“那他们是怎么被放进来的?”刘荣又问。
乔木摇头:“我不知道,你要让我猜,我只能猜这是非常高明的障眼法,心理游戏。”
“障眼法?”
“我们假设这就是人为的,是故弄玄虚,那它本质上就是一种障眼法、魔术。”
乔木指着碎了一地的墙砖:“假设幕后之人的手法非常精妙,精妙到即使是你,不抱着目的去认真检查,也会被骗过去。更别说咱们当时所有注意力都在墙内的水声,这也会分散咱们的注意力。

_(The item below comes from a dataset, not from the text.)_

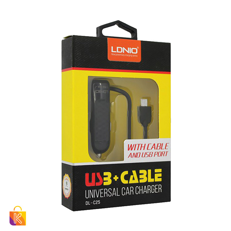 شارژر فندکی الدینیو مدل DL-C25 همراه با کابل میکرو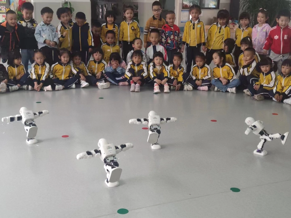 大理州科协为孩子们带来了充满科技感、妙趣横生的机器人表演及机器狗展示。机器人表演唱歌、跳舞等引起了小朋友们极大的兴趣,引得同学们拍手叫好。机器狗表演拜年、跳舞、太空步、侧滚翻、后空翻等动作令同学们赞不绝口,大家时不时想要上去抚摸机器狗,体验人机互动和交流的乐趣。

“咱们并没有意识到墙上可能有某种机关,就直接把墙破坏了。这种鲁莽的破坏行为,则反过来帮助幕后之人毁尸灭迹。现在咱们再想验证墙是否有猫腻,应该已经不可能了,对吧?”
刘荣打量着满地的碎砖块,点了点头。
“所以我说这是魔术、障眼法、心理游戏。幕后之人用这种方法骗过了我们,让我们以为这是超自然现象,让我们疑惑、恐惧、进退失据,直至露出致命的破绽。”
他这么一说,刘荣立刻警觉地站起身,死死握住两把匕首,警剔地打量起周围。
“我不是说现在,我是说之后……”乔木摆了摆手,依然毫无防备地蹲在地上,他突然想到了什么,问安娜,“你能判断他们的死因吗?比如溺水、中毒之类的。”
安娜摇了摇头,她没这么深入地研究过。不过现在她已经决定回去多研究这方面的知识了,将来才能争取更多的机会和乔木一起行动。
“我试试吧,”猪八戒提议,“我对这方面有一些涉猎。”
他的语气自始至终都温吞柔和,丝毫不受这片环境和眼前变故的影响。这反而让他显得更诡异了。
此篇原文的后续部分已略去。